Engineering a runtime system for AQL

Information Extraction addresses the task of extracting information from unstructured text automatically. Traditionally, IE systems focus on the accuracy of extraction tasks. However, the problem of the scalability of these tasks has recently began to receive attention. SystemT is an IE system that successfully addresses this concern. This success stimulated many studies related to SystemT. One of the most prominent introduces a formal model that delineates a new approach to extraction tasks, considerably different from that of SystemT. According to the formal model of SystemT, an extraction task is executed by first obtaining basic elements from the input text, and then combining these elements by means of algebraic operators to obtain the desired results. In this dissertation, I embark on the task of de ning and implementing a new runtime system that allows for efficiently obtaining the desired results without the necessity to apply algebraic operators over basic elements. To this end, I first introduce a computational model (namely eVset-automata), that is based on a previous model (vset-automata), used for extracting basic elements from text, and I show that the two models are equivalent in expressive power. Moreover, I prove that under the proposed model there are polynomial time constructions that allow for directly evaluating the algebraic operators, without the need for obtaining the basic elements first. This represents an improvement over the previous approach (vset-automata), under which constructions for the same purpose existed but resulted in exponentially larger computations. Then, I discuss the results of a series of experiments executed on a corpus of real-life blog posts, that compare the performance of the runtime system with that of a subsystem that uses the same approach of SystemT. The experiments show that the runtime system is better than the subsystem in many cases. However, the subsystem is naturally capable of reusing partial results to reduce its workload, which can sometimes be advantageous. Finally, I lay the foundations for further improvements of the runtime system.

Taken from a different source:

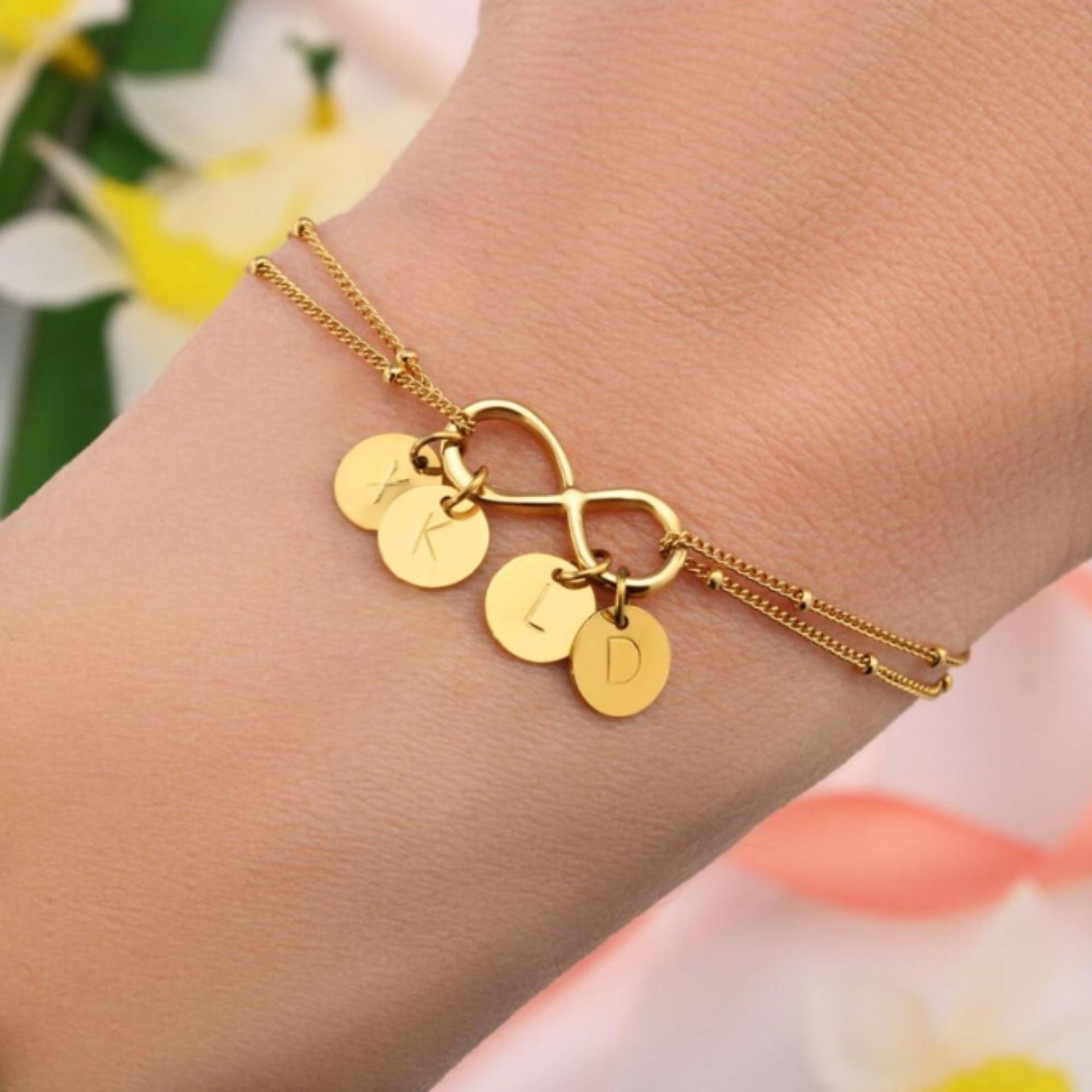 Matching friendship bracelets, such as these golden initial charm designs from Etsy, can make for the most special of Galentine's gifts.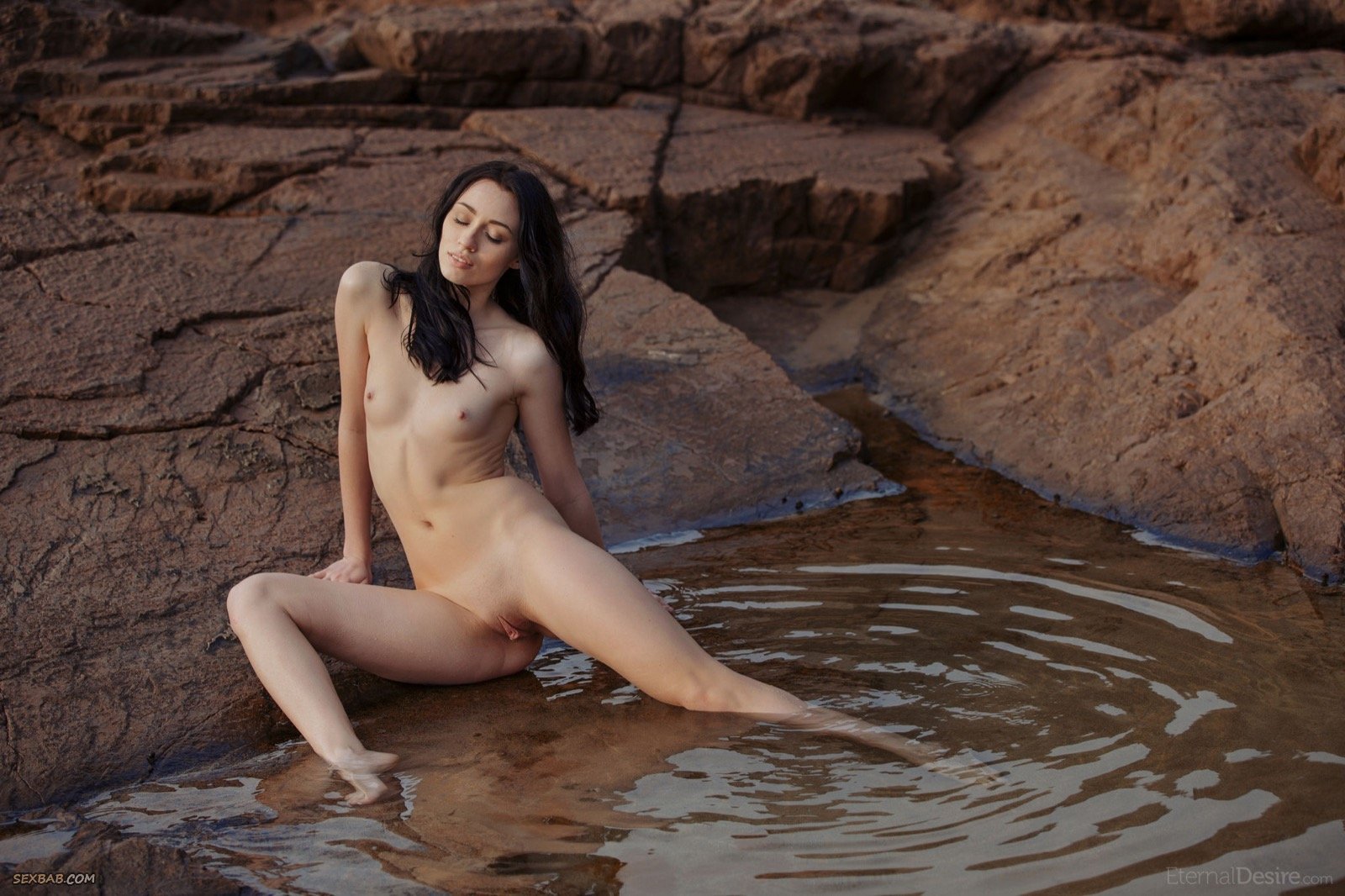 Описание: Оказавшись рядом со скалами и протекающим там ручьём, высокая брюнетка худощавого телосложения с маленькими сиськами и в кофточке принимается эротично позировать. В дальнейшем очаровательная худенькая брюнетка забирается в воду и ложась на спину демонстрирует нам свою маленькую грудь с торчащими сосочками и гладко выбритую письку, не забывая в будущем перевернутся на бок и выставить задницу.

L'Estrazione dell'Informazione (Information Extraction, IE) affronta il compito di estrarre automaticamente informazioni da testi non strutturati. Tradizionalmente, i sistemi di IE si concentrano sulla precisione delle attività di estrazione. Tuttavia, il problema della scalabilità di questi compiti ha recentemente cominciato a ricevere attenzione. SystemT è un sistema di IE che affronta con successo questo problema. Questo successo ha stimolato molti studi relativi a SystemT. Uno dei più prominenti introduce un modello formale che delinea un nuovo approccio alle attività di estrazione, notevolmente diverso da quello di SystemT. Secondo il modello formale di SystemT, un compito di estrazione viene eseguito prima ottenendo elementi di base dal testo di input e quindi combinando questi elementi tramite operatori algebrici per ottenere i risultati desiderati. In questa tesi mi impegno a definire ed implementare un nuovo sistema di runtime che consente di ottenere in modo efficiente i risultati desiderati senza la necessità di applicare operatori algebrici sugli elementi di base. A tal fine, introduco innanzitutto un modello computazionale (gli eVset-automata), basato su un modello precedente (i vset-automata), utilizzato per estrarre elementi di base dal testo, e mostro che i due modelli sono equivalenti nel potere espressivo. Inoltre, dimostro che per il modello proposto esistono costruzioni di complessità temporale polinomiale che consentono di valutare direttamente gli operatori algebrici, senza necessità di ottenere prima gli elementi di base. Questo rappresenta un miglioramento rispetto all'approccio precedente (vset-automata), per il quale esistevano costruzioni per lo stesso scopo, tuttavia queste spesso portavano a computazioni esponenzialmente più grandi. Successivamente, discuto i risultati di una serie di esperimenti eseguiti su un corpus di post di blog di vita reale, che confrontano le prestazioni del sistema di runtime con quello di un sottosistema che utilizza lo stesso approccio di SystemT. Gli esperimenti mostrano che in molti casi il sistema di runtime è migliore del sottosistema. Tuttavia, il sottosistema è naturalmente in grado di riutilizzare risultati parziali per ridurre il carico di lavoro, il che risulta a volte vantaggioso. Infine, metto le basi per ulteriori miglioramenti del sistema di runtime.